Bitcoin ETFs: Understanding the Cost Factors
Introduction
As the chances for a bitcoin Exchange-Traded Fund (ETF) appear to grow more likely, it is important for financial advisors and investors to understand the details of the different proposed funds, including the associated costs.
The Current Landscape
The Securities and Exchange Commission (SEC) has historically opposed an ETF that directly tracks the price of bitcoin. However, recent developments, such as a fund proposal from BlackRock and a court ruling in favor of Grayscale, suggest that this stance may soon change. Many experts in the crypto and asset management industry now expect the first spot bitcoin funds to launch in 2024. The number of firms competing for a spot bitcoin ETF has already reached double-digits and continues to grow.

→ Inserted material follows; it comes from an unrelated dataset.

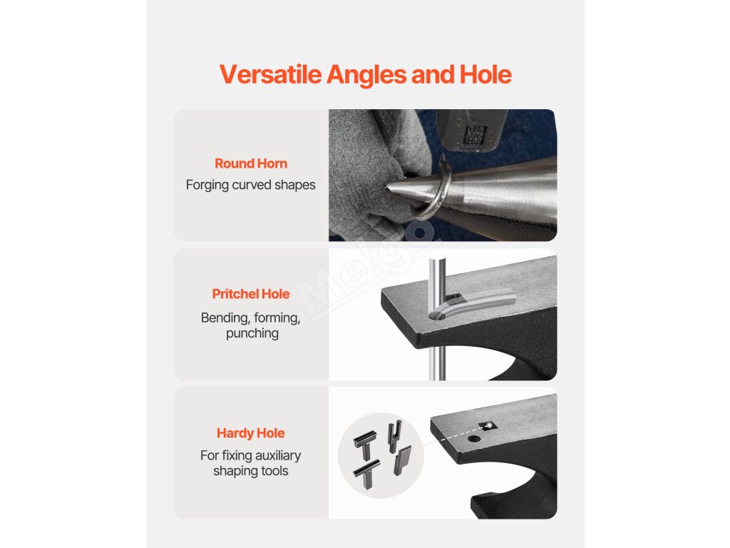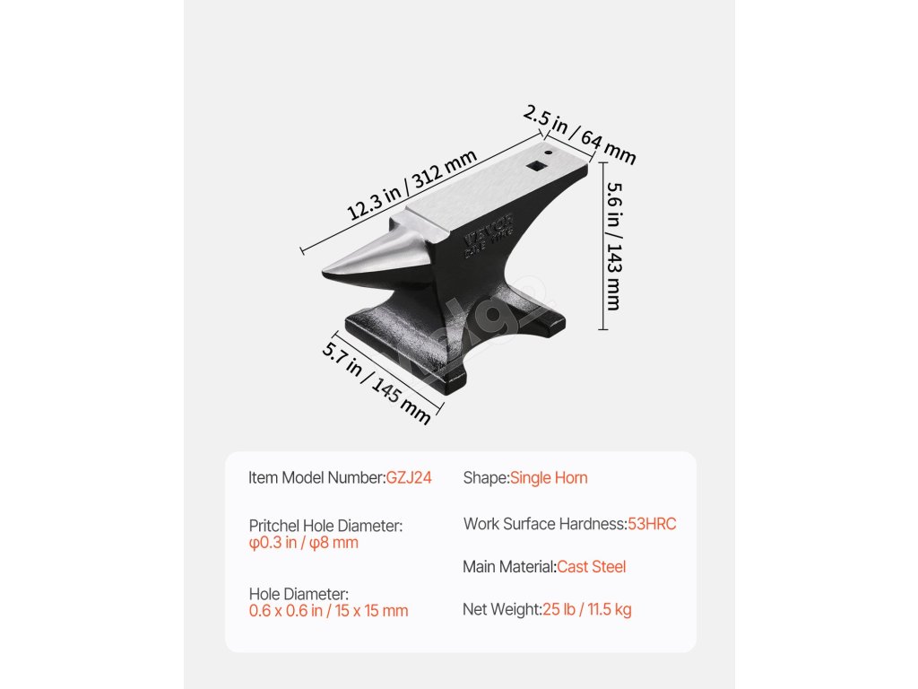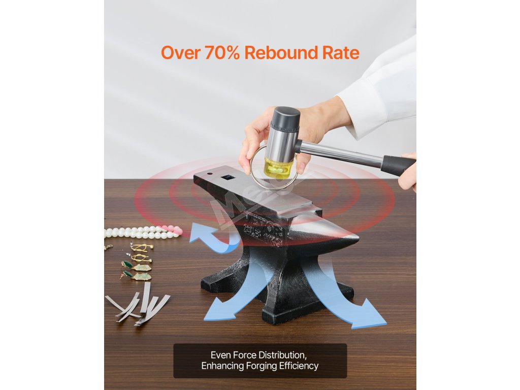 Táto jednorohá kovadlina je vyrobená z vysokokvalitnej liatej ocele a poskytuje odolnosť a stabilitu. Povrch je hladký a odolný voči preliačinám. S mierou odskoku vyššou ako 70 % zabezpečuje lepšie a efektívnejšie spracovanie.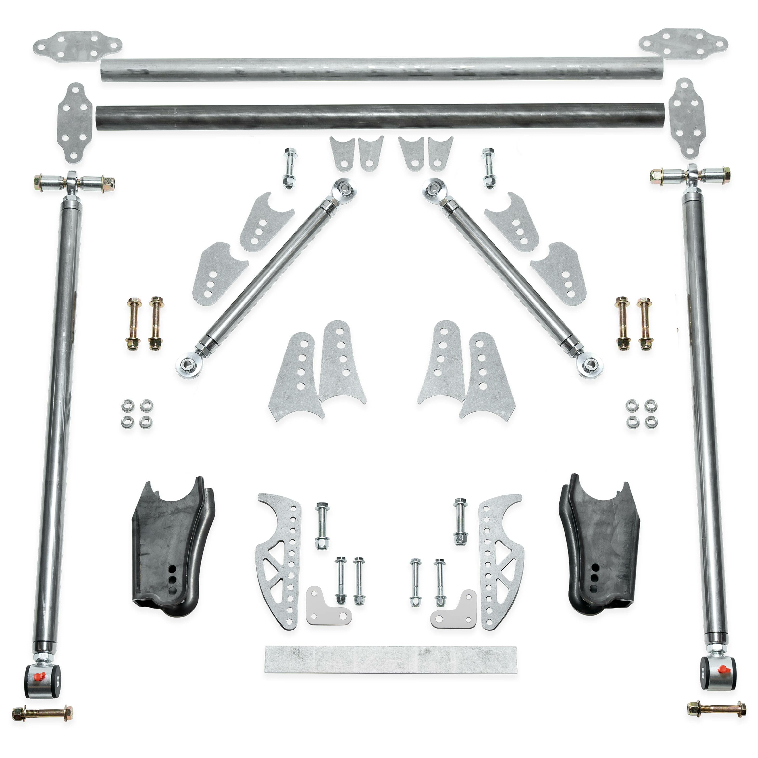 QA1's Heavy Duty Pro Rear Triangulated 4-link system includes everything needed for a custom install and provides exceptional handling and performance gains. Pair with QA1 coilovers for the best performance and adjustability.

Franklin Templeton recently entered the competition as well. If these funds are eventually approved, a crucial factor for both asset managers and investors will be the management fees associated with the bitcoin ETFs.
Cost Comparison
Currently, the available fund options for investors looking to invest in crypto are expensive. For instance, the Grayscale Bitcoin Trust (GBTC) has a management fee of 2%, while the largest bitcoin futures ETF, the ProShares Bitcoin Strategy ETF (BITO), has an expense ratio of 0.95%. In contrast, the largest equity index funds can have expense ratios as low as 0.10%.
Experts predict that the management fees for bitcoin ETFs will likely be lower than those of futures funds since they should be cheaper to operate for asset managers. Steven McClurg, the Chief Investment Officer at Valkyrie Investments, estimates that the cost will be around 50 basis points (0.50%). Likewise, Rid Edelman, the founder of the Digital Assets Council of Financial Professionals, expects the fees to fall between 50 and 100 basis points (0.50% to 1.00%).
Bryan Armour, the Director of Passive Strategies Research for North America at Morningstar, believes that these estimates may be too high. He points to a Roundhill Ether Futures ETF filing with a proposed fee of 0.19% as a more realistic target.
Competition and Price Compression
If the bitcoin ETFs are approved around the same time, it may be challenging for any single fund to gain a first-mover advantage and quickly scale, which would allow them to charge a premium. Armour suggests that these ETFs will eventually become commodities, with fees getting compressed over time. He predicts that even if fees start off slightly higher, it won’t be long before they decrease.
Additionally, there may be two groups of funds emerging, with larger firms catering to institutional investors and pricing their funds competitively, while smaller firms focusing on crypto expertise may charge higher fees, hoping to attract investors despite the higher cost.
Conclusion
As the possibility of bitcoin ETFs becomes more likely, investors and financial advisors should carefully consider the costs associated with these funds. While the current options for investing in crypto are expensive, experts predict that the management fees for bitcoin ETFs will be lower and may eventually be subject to price compression and increased competition.
It remains to be seen how the fees will ultimately shake out, but it is clear that cost considerations will be a significant factor for both asset managers and investors in the bitcoin ETF market.